TO DO
Without the pictures, write the listing below out again, line for line.

++++++++

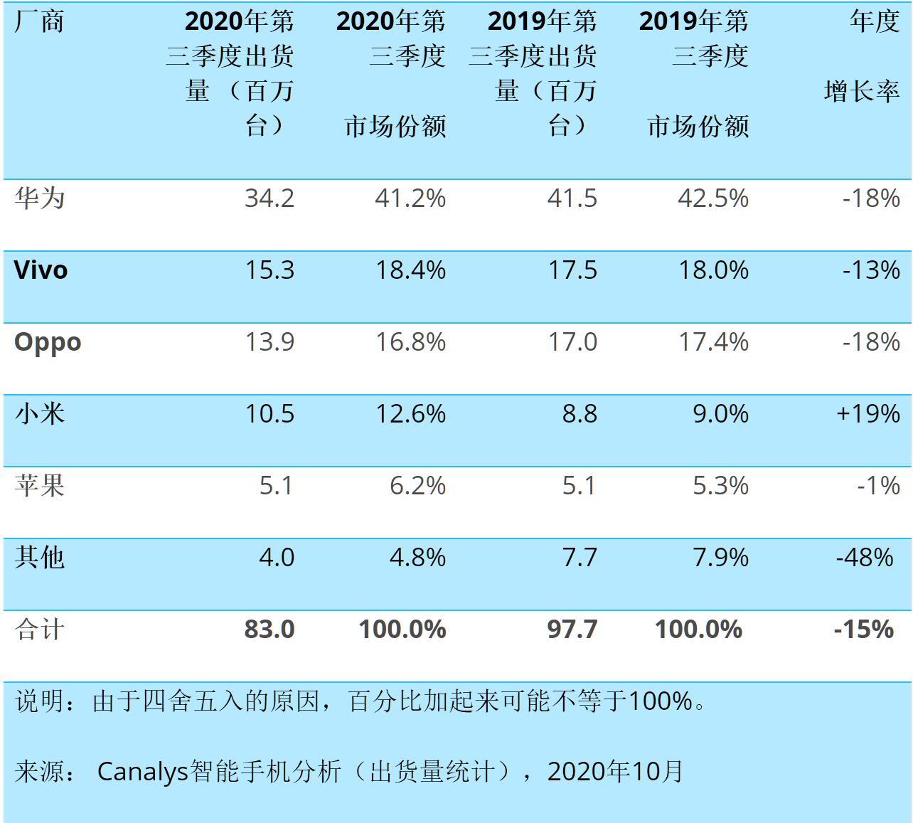 为了进一步佐证华为手机暴跌的意外,我们此处再引用CINNO Research月度国内手机销量监测数据予以说明。该销量监测报告显示,2020年第三季度中国智能机市场,华为(含荣耀)智能手机销量同比下降29%,与此同时,vivo(含IQOO)、OPPO智能手机销量分别同比分别下降21%、20%,华为手机的降幅甚至超过了OV。
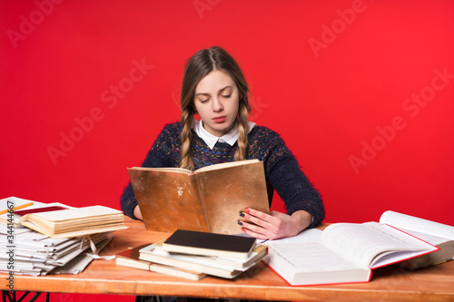 Schoolgirl teen sitting at the table reading a book, concept learning at home, homework
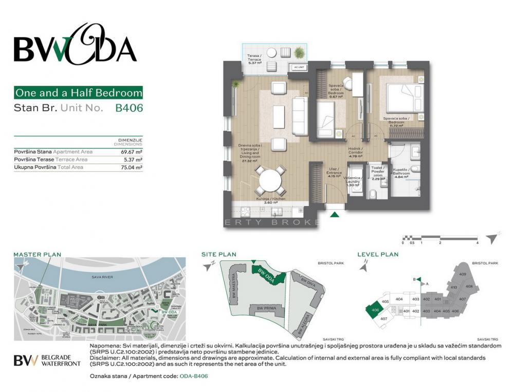 Opis: BW Oda se nalazi na prestižnoj lokacija između Bristol parka i Savskog trga, na korak od Sava Promenade, Terazija, Kalemegdana i Slavije. Stanovi nude terase, visoko zastakljenje i obilje prirodnog svetla; enterijeri sa višeslojnim parketom, a kupatila/kuhinje/balkoni obloženi granitnim pločicama.
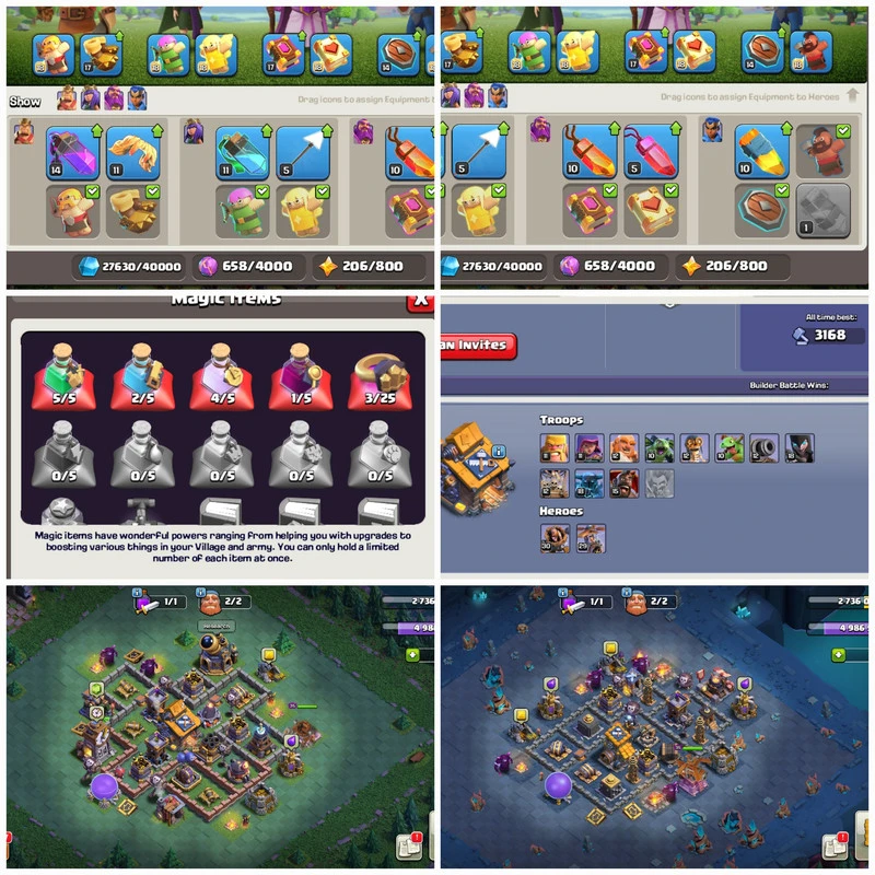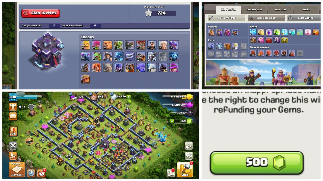 TH 15 Good Defence & Troops 🔥 Level 208 🗡️ Heroes 64_65_52_22 💫 Gems 821 🧍♂️ 6 Worker 🎯 Nc 500 Gems (Android &iOS) 💵 M1372
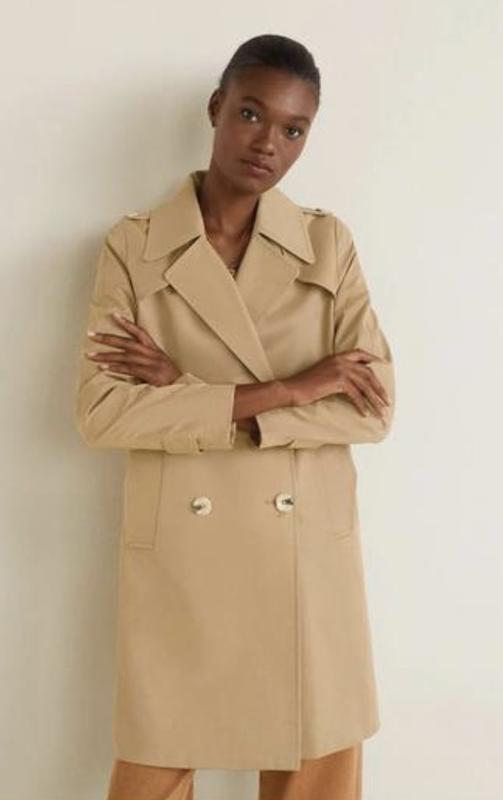 Плащ виконаний із текстилю. Модель прямого фасону. Деталі: комір з лацканами, застібка на гудзики, дві кишені, пояс. Склад: бавовна - 65%, поліестер - 24%, поліамід - 11%
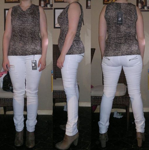 Kaiken kaikkiaan toi asu on kuitenkin mulle ihan vieras. En tiedä osaisinko olla noissa vaatteissa, eikä toi toppi mun mielestä näytä mulla hyvältä, varsinkaan noiden housujen kanssa. Topinkin aion kuitenkin pitää, koska toisten housujen ja ehkä neuleen kanssa on varmaan ihan kiva.

++++++++

RESPONSE FOR THIS EXERCISE
 为了进一步佐证华为手机暴跌的意外,我们此处再引用CINNO Research月度国内手机销量监测数据予以说明。该销量监测报告显示,2020年第三季度中国智能机市场,华为(含荣耀)智能手机销量同比下降29%,与此同时,vivo(含IQOO)、OPPO智能手机销量分别同比分别下降21%、20%,华为手机的降幅甚至超过了OV。
 Schoolgirl teen sitting at the table reading a book, concept learning at home, homework
 Opis: BW Oda se nalazi na prestižnoj lokacija između Bristol parka i Savskog trga, na korak od Sava Promenade, Terazija, Kalemegdana i Slavije. Stanovi nude terase, visoko zastakljenje i obilje prirodnog svetla; enterijeri sa višeslojnim parketom, a kupatila/kuhinje/balkoni obloženi granitnim pločicama.
 TH 15 Good Defence & Troops 🔥 Level 208 🗡️ Heroes 64_65_52_22 💫 Gems 821 🧍♂️ 6 Worker 🎯 Nc 500 Gems (Android &iOS) 💵 M1372
 Плащ виконаний із текстилю. Модель прямого фасону. Деталі: комір з лацканами, застібка на гудзики, дві кишені, пояс. Склад: бавовна - 65%, поліестер - 24%, поліамід - 11%
 Kaiken kaikkiaan toi asu on kuitenkin mulle ihan vieras. En tiedä osaisinko olla noissa vaatteissa, eikä toi toppi mun mielestä näytä mulla hyvältä, varsinkaan noiden housujen kanssa. Topinkin aion kuitenkin pitää, koska toisten housujen ja ehkä neuleen kanssa on varmaan ihan kiva.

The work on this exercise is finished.